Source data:
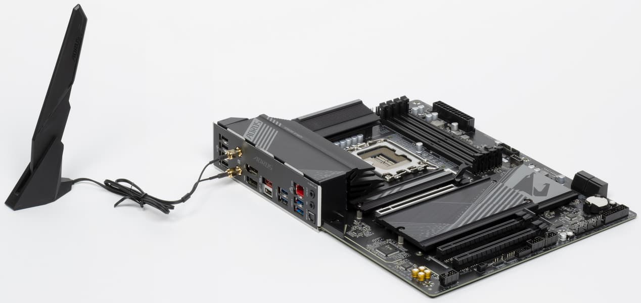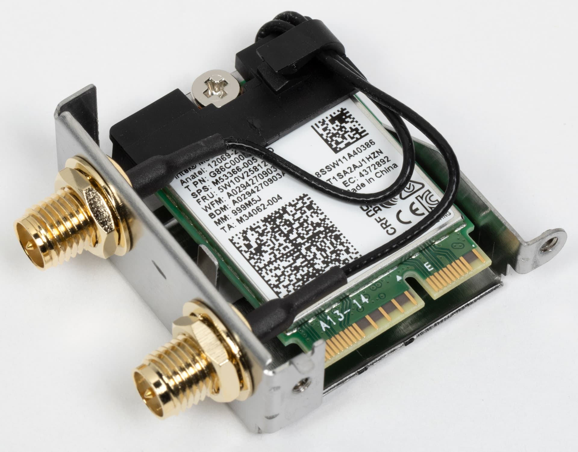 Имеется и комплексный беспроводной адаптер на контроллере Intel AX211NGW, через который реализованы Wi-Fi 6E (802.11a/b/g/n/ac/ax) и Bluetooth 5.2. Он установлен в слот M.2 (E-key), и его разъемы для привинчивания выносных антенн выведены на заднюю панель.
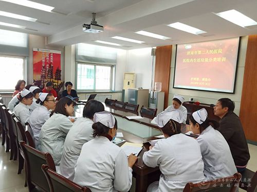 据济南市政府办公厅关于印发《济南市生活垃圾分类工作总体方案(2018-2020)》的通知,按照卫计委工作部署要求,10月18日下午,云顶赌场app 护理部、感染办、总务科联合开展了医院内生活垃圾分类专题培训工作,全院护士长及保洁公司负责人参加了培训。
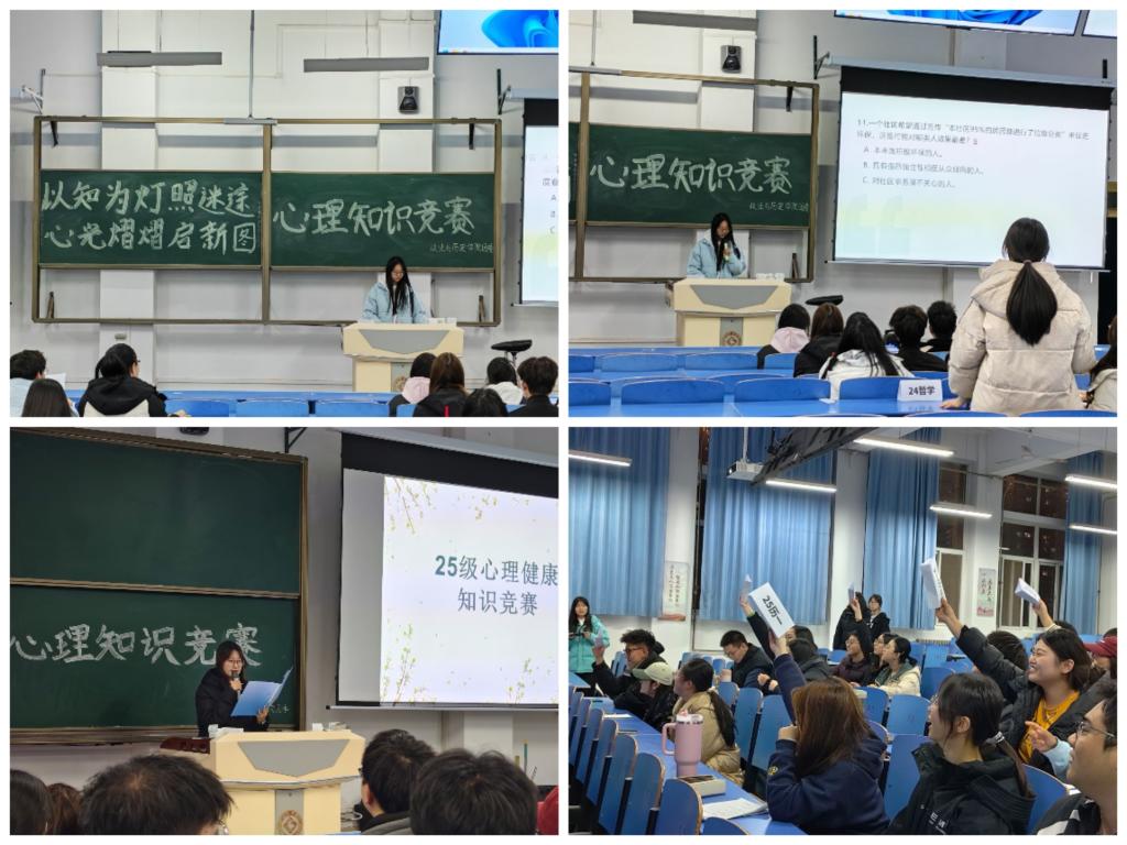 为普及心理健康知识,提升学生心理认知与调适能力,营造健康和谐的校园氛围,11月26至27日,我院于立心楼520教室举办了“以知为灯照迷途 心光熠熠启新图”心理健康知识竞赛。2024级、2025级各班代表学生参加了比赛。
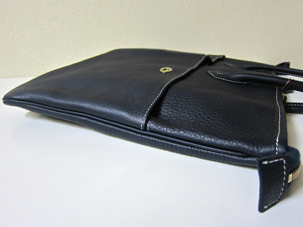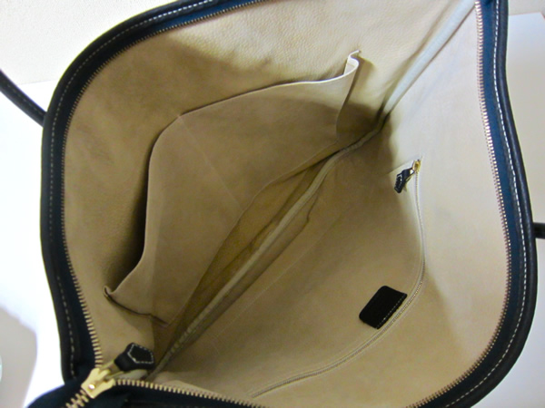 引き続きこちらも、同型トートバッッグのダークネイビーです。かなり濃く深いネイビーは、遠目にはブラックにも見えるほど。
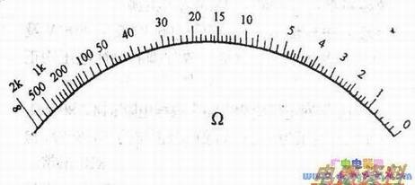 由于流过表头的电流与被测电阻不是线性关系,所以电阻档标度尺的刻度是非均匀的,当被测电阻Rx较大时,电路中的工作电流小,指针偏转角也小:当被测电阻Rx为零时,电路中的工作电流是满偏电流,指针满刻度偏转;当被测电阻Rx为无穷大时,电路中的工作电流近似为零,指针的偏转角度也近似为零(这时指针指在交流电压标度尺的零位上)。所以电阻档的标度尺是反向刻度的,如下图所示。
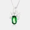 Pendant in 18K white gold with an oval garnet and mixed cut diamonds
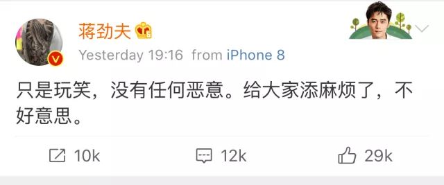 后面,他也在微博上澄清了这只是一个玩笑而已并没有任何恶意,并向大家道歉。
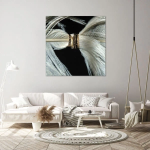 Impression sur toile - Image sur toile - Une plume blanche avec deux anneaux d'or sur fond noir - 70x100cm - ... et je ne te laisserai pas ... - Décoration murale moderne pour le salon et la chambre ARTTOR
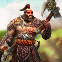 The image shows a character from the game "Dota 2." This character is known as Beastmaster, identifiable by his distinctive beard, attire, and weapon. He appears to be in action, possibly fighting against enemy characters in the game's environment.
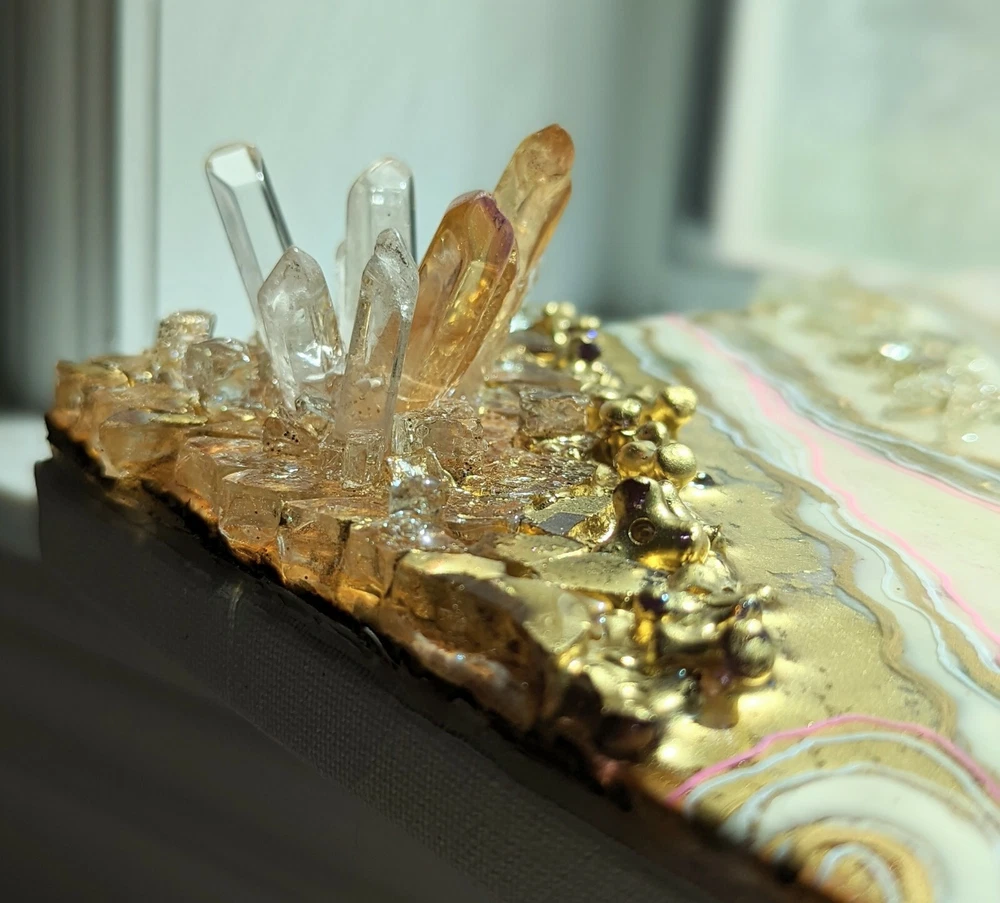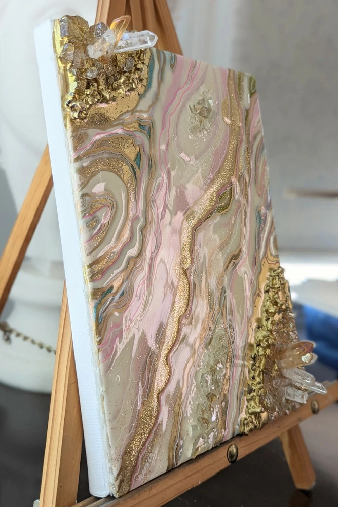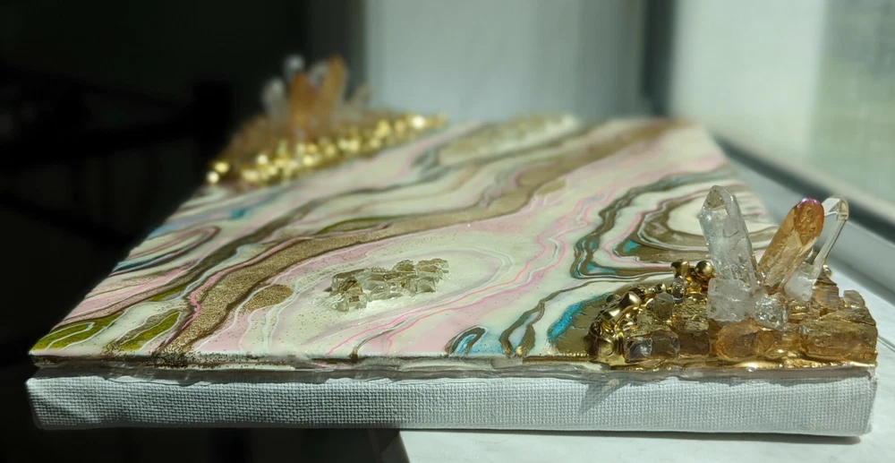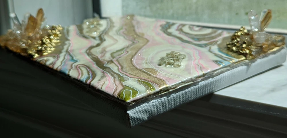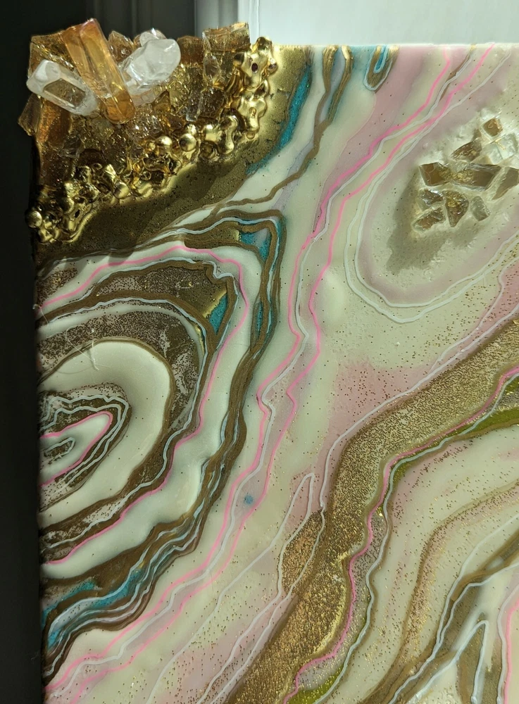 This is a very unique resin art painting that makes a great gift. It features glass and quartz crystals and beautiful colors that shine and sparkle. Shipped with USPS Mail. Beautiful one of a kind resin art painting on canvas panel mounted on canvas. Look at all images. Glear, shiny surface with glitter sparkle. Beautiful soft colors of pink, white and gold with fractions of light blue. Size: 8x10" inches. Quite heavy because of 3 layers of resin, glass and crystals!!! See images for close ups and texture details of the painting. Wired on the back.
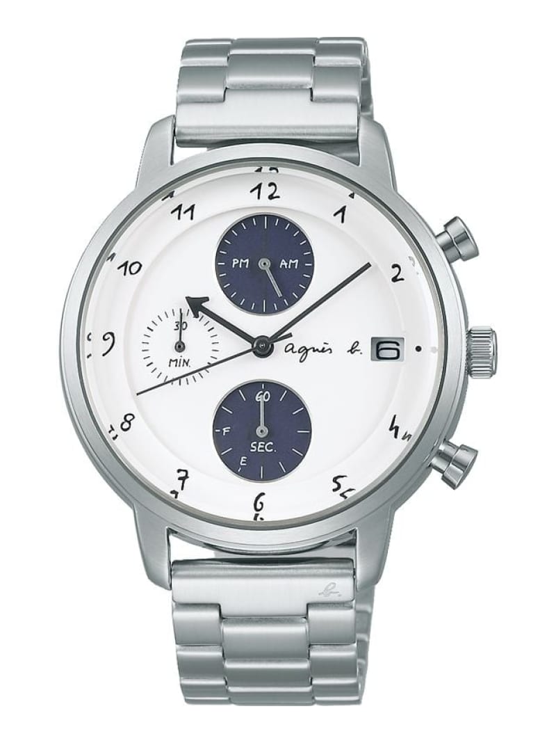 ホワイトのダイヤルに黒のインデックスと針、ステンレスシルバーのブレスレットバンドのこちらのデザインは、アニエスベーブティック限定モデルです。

● **Exercise objective**
The lines to copy begin with the one containing "后面,他也在微博上澄清了这只是一个玩笑而已并没有任何恶意,并向大家道歉。" and end with the last line of the entries above; copy them exactly, minus the pictures.

● **Task solution**
 后面,他也在微博上澄清了这只是一个玩笑而已并没有任何恶意,并向大家道歉。
 Impression sur toile - Image sur toile - Une plume blanche avec deux anneaux d'or sur fond noir - 70x100cm - ... et je ne te laisserai pas ... - Décoration murale moderne pour le salon et la chambre ARTTOR
 The image shows a character from the game "Dota 2." This character is known as Beastmaster, identifiable by his distinctive beard, attire, and weapon. He appears to be in action, possibly fighting against enemy characters in the game's environment.
 This is a very unique resin art painting that makes a great gift. It features glass and quartz crystals and beautiful colors that shine and sparkle. Shipped with USPS Mail. Beautiful one of a kind resin art painting on canvas panel mounted on canvas. Look at all images. Glear, shiny surface with glitter sparkle. Beautiful soft colors of pink, white and gold with fractions of light blue. Size: 8x10" inches. Quite heavy because of 3 layers of resin, glass and crystals!!! See images for close ups and texture details of the painting. Wired on the back.
 ホワイトのダイヤルに黒のインデックスと針、ステンレスシルバーのブレスレットバンドのこちらのデザインは、アニエスベーブティック限定モデルです。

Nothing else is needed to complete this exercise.